Но в данном случае режиссер лежит на земле, его душат, и он просто не может ничего вымолвить. Я вцепляюсь в руки Сергея, пытаясь оторвать от горла, он давит еще больше, помня о том, о чем мы договаривались. Где-то в глубине его глаз я вижу мелькнувшее уважение ко мне. Я работаю так же, как актеры. В полную силу. Я – настоящий партнер. Поверьте, это дорогого стоит.
Внутренним чувством ритма он понимает, что сцена уже кончилась, но команды «Стоп!» нет – значит, останавливаться нельзя. И мы в безмолвии продолжаем бороться у горящего дома.
И тут Сергей понимает, что партнер, с которым он играет, по стечению обстоятельств – еще и режиссер. Улучив момент и чуть отвернув лицо от камеры, он шипит мне: «Ты команду „Стоп!“ давать будешь?» Я мотаю головой, имея в виду, что не могу. Он, по-видимому, понимает меня иначе и продолжает душить.
В моей голове мелькают строчки из бессмертного «Мцыри»:
…Он завыл,
Рванулся из последних сил,
И мы, сплетясь, как пара змей,
Обнявшись крепче двух друзей,
Упали разом, и во мгле
Бой продолжался на земле.
Может быть, поэтому я начинаю внезапно ржать. Это точно не вписывается в «рисунок сцены», Сергей растерянно отпускает меня, и я наконец могу скомандовать «Стоп!».
Но и это еще не все. Чудесная ночь продолжается.
Мы снимаем следующий кадр этой сцены – крупный план Сергея, когда он меня душит.
Я укладываюсь на землю, Сергей берет меня за отвороты костюма, несколько раз переспрашивая, не сильно ли он давит. Пока ставится кадр, мы шутим, что у него была редкая возможность отомстить за весь актерский цех, задушив режиссера, но он ее упустил.
И снова не обойтись без отступления. Нельзя просто поджечь здание и на его фоне снять – оно сгорит мгновенно, а нам нужно время на дубли, кадры. Более того, горение в них должно быть примерно одинаковым. Поэтому подобные сцены с горением дома всегда снимаются следующим образом: позади дома встает пожарная машина и поливает стены водой, чтобы те не слишком разгорались. Была такая пожарная машина и у нас.
Все готово. Я даю команду «Начали!», и Сергей начинает работать. Кадра я не вижу, но снизу все выглядит замечательно. Напряженное лицо героя, на фоне пылает дом. Все великолепно.
Внезапно Сергей дергается. Я останавливаю съемку. «Что случилось?» – спрашиваю. «Жжет», – отвечает он. – «Давай скажу уменьшить огонь?» – «Не надо, я же понимаю, что красиво».

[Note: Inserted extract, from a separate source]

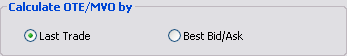 Select whether Open Trade Equity (OTE) and Market Value of Options (MVO) are calculated (by Last Trade or by Best Bid/Ask) by clicking one of the buttons.

Мы продолжаем. Я лежу так, что он закрывает меня от стены, поэтому я не ощущаю идущего от горящего дома жара. Лежу и любуюсь тем, как он работает. Сюртук у него на спине дымится, но он не останавливается – он продолжает выкрикивать мне в лицо злые слова. Внезапно я вижу, что его костюм вспыхивает, кричу «Стоп!», вскакиваю, начинаю его тушить и только тут замечаю, что дом разгорелся не на шутку. Пламя рвется вверх, трещат перекрытия.
– Пожарные, – кричу я. – Заливайте!
Рядом стоящий директор не смотрит мне в глаза.

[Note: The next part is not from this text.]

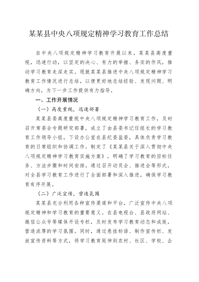 某某县中央八项规定精神学习教育工作总结自中央八项规定精神学习教育开展以来,某某县高度重视,迅速行动,以坚定的决心、有力的举措、务实的作风,推动学习教育走深走实。现就某某县推进中央八项规定精神学习教育工作情况进行总结,以便更好地总结经验、发现问题、明确方向,为下一步工作提供有力指导。一、工作开展情况(一)高度重视,迅速部署某某县委高度重视中央八项规定精神学习教育工作,及时召开常委会专题研究部署,成立了由县委书记任组长的学习教育工作领导小组,下设办公室在县纪委监委,具体负责学习教育的日常组织和协调工作。制定了《某某县关于深入贯彻中央八项规定精神学习教育实施方案》,明确了学习教育的目标任务、方法步骤和时间安排。通过召开动员会、推进会等形式,对全县学习教育工作进行了全面部署和深入推进,确保学习教育有序开展。(二)广泛宣传,营造氛围某某县充分利用各种宣传渠道和平台,广泛宣传中央八项规定精神和学习教育的重要意义。在县电视台、县政府网站、微信公众号等媒体开设专栏,及时发布学习教育动态和成效,营造浓厚的学习氛围。同时,通过悬挂标语、制作宣传栏、发放宣传资料等方式,将学习教育延伸到农村、社区、学校、企业等各个领域,让广大党员干部和群众深入了解中央八项规定精神,积极参与学习教育。(三)深入学习,提高认识某某县把深入学习作为学习教育的重要环节,通过集中学习、个人自学、专题研讨等多种形式,组织党员干部深入学习党的理论和路线方针政策,深入学习党规党纪和国家法律法规。特别是聚焦中央八项规定精神,组织党员干部原原本本学习党章党规,学习党中央和上级党委关于作风建设的决策部署,进一步明确日常言行的衡量标尺。1.县直单位做法:县直各单位纷纷响应号召,积极开展学习教育活动。如县纪委监委组织全体干部职工开展“学党纪、守规矩、作表率”主题教育活动,通过集中学习、交流研讨、撰写心得体会等方式,增强干部职工的纪律意识和规矩意识。县委组织部举办“党风廉政建设专题讲座”,邀请专家学者为全县党员干部讲解中央八项规定精神的深刻内涵和重要意义。县委宣传部利用宣传车、广播、电子显示屏等多种形式,广泛宣传中央八项规定精神和学习教育成果。2.各镇做法:各镇也结合实际,开展了丰富多彩的学习教育活动。如嵩阳街道组织党员干部参观廉政教育基地,通过观看警示教育片、参观廉政展览等方式,增强党员干部的廉洁自律意识。杨林镇开展“廉政文化进机关”活动,通过举办廉政书画展、廉政知识竞赛等形式,营造风清气正的机关氛围。牛

– У них закончилась вода – они, оказывается, приехали не с полным баком.
– И?
– И они сказали, что им тут делать нечего, и уехали.
Я стою и смотрю на пылающее здание. Уже бессмысленно кричать и топать ногами. Без воды трехсотлетний дом вспыхнул как спичка. Горит моя финальная сцена. Уже ничего не снять.
Подходит Сергей.
– Сколько кадров не досняли?
– Восемь.
– Смонтируешь?
– Смонтирую, – вздыхаю я. – Другого дома мне не дадут.

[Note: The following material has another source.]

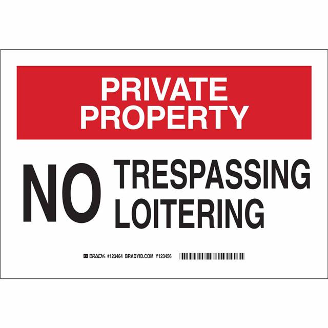 This is manufactured by Brady Corporation. The manufacturer part number is 123467. Label with a size of 14.00" l x 10.00" w (355.6mm x 254.0mm). The product is rohs3 compliant. It is assigned with possible HTSUS value of 3926.90.9985. It is shipped in bulk. It has a classic black and red legend, white background colour. The product brady®, is a highly preferred choice for users. The product is made from highly stable and reliable polyester. In addition, it is reach unaffected. Its typical moisture sensitivity level is not applicable. A bespoke label is a private property. no trespassing loitering label. The product is suitable for use with warning. It has a long 4 weeks standard lead time. The product is designated with the ear99 code number
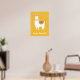 This fun poster features and adorable white llama dressed up in shades of pink, turquoise and yellow on a matching golden yellow background. Makes a great gift for any age from nursery to dorm room to office!

Я смонтировал, конечно. Но сцена могла быть лучше. До сих пор в голове крутятся неснятые кадры, хотя это было много лет назад.
Говорит сценарист
Всегда важно ставить перед собой новые задачи и вызовы. Хорошо, когда у вас что-то получается, но если вы встанете на конвейер и начнете делать только то, что у вас получается хорошо, вы очень быстро превратитесь из автора в ремесленника. Потому вызовы – наше все. Это касается и жанра, и формы, и содержания, и даже каких-то финтифлюшек внутри сценария. Иногда решение таких задач доходит до курьеза.